*** Opening of Data supplied ***
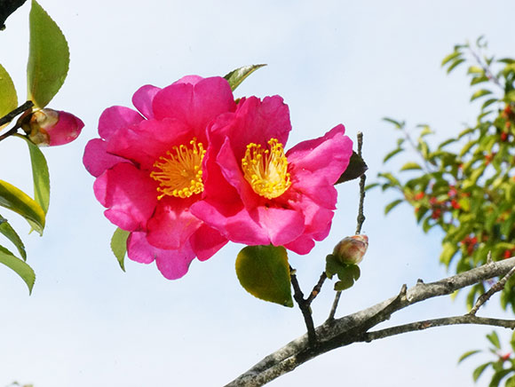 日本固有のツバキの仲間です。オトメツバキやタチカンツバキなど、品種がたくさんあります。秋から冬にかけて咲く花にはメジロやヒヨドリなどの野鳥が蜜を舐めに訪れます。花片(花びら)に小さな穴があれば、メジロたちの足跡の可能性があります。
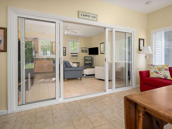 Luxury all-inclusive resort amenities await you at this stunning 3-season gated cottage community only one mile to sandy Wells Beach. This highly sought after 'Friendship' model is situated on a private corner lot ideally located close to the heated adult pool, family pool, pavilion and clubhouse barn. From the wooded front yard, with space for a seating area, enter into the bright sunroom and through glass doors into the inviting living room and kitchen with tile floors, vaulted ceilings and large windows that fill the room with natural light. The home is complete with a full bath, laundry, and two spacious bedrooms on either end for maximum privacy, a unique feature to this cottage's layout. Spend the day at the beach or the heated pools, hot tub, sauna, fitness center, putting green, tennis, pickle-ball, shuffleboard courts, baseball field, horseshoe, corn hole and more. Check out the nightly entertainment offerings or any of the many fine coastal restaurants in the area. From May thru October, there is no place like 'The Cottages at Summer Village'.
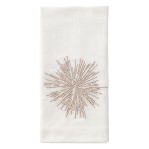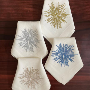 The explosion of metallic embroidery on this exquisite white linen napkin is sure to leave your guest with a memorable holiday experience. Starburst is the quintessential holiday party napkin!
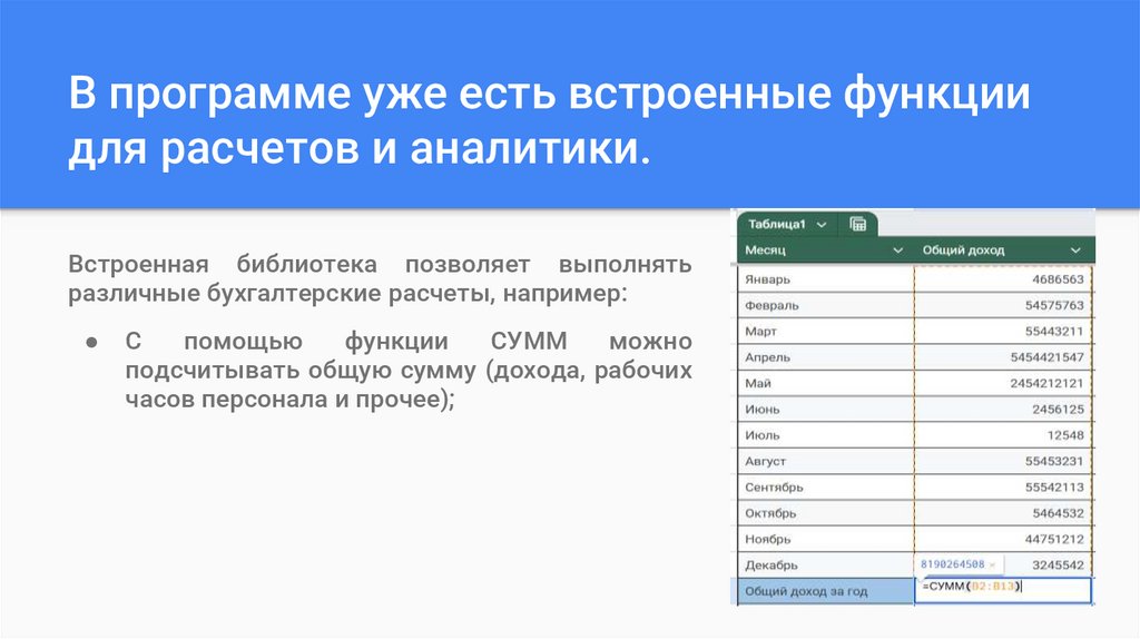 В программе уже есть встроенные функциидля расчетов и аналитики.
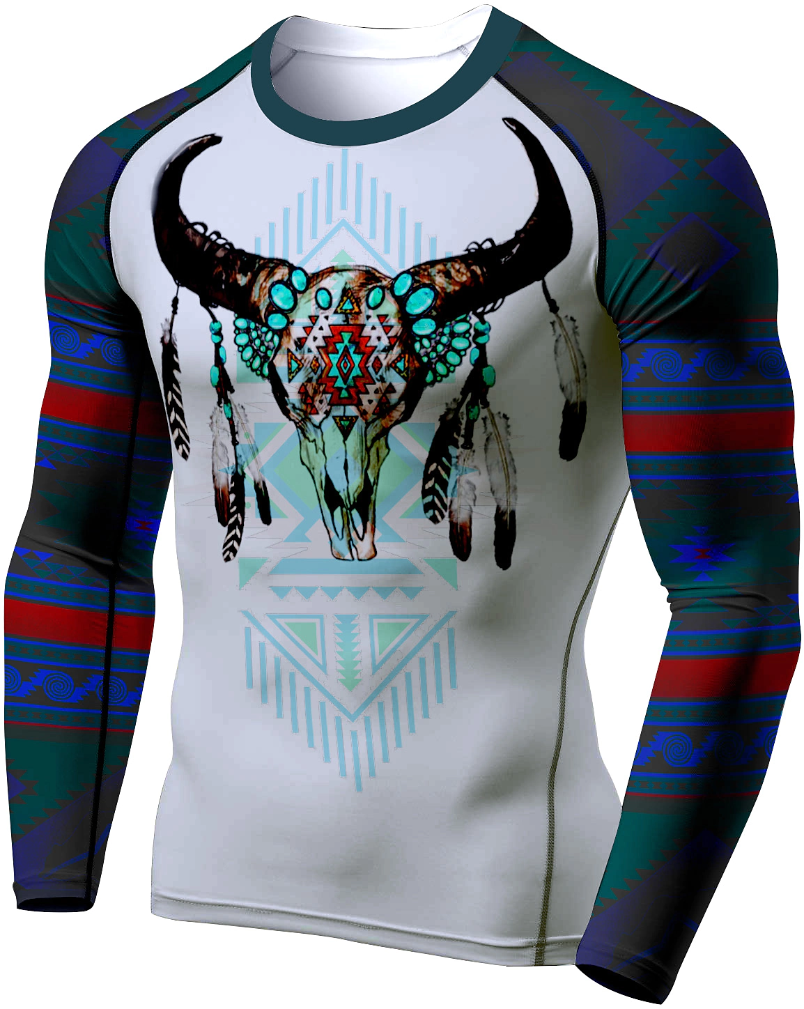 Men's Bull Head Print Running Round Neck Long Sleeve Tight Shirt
*** Close of Data supplied ***
* Your assignment: The records above should be copied word for word, with the pictures left out.

* Exercise output:
 日本固有のツバキの仲間です。オトメツバキやタチカンツバキなど、品種がたくさんあります。秋から冬にかけて咲く花にはメジロやヒヨドリなどの野鳥が蜜を舐めに訪れます。花片(花びら)に小さな穴があれば、メジロたちの足跡の可能性があります。
 Luxury all-inclusive resort amenities await you at this stunning 3-season gated cottage community only one mile to sandy Wells Beach. This highly sought after 'Friendship' model is situated on a private corner lot ideally located close to the heated adult pool, family pool, pavilion and clubhouse barn. From the wooded front yard, with space for a seating area, enter into the bright sunroom and through glass doors into the inviting living room and kitchen with tile floors, vaulted ceilings and large windows that fill the room with natural light. The home is complete with a full bath, laundry, and two spacious bedrooms on either end for maximum privacy, a unique feature to this cottage's layout. Spend the day at the beach or the heated pools, hot tub, sauna, fitness center, putting green, tennis, pickle-ball, shuffleboard courts, baseball field, horseshoe, corn hole and more. Check out the nightly entertainment offerings or any of the many fine coastal restaurants in the area. From May thru October, there is no place like 'The Cottages at Summer Village'.
 The explosion of metallic embroidery on this exquisite white linen napkin is sure to leave your guest with a memorable holiday experience. Starburst is the quintessential holiday party napkin!
 В программе уже есть встроенные функциидля расчетов и аналитики.
 Men's Bull Head Print Running Round Neck Long Sleeve Tight Shirt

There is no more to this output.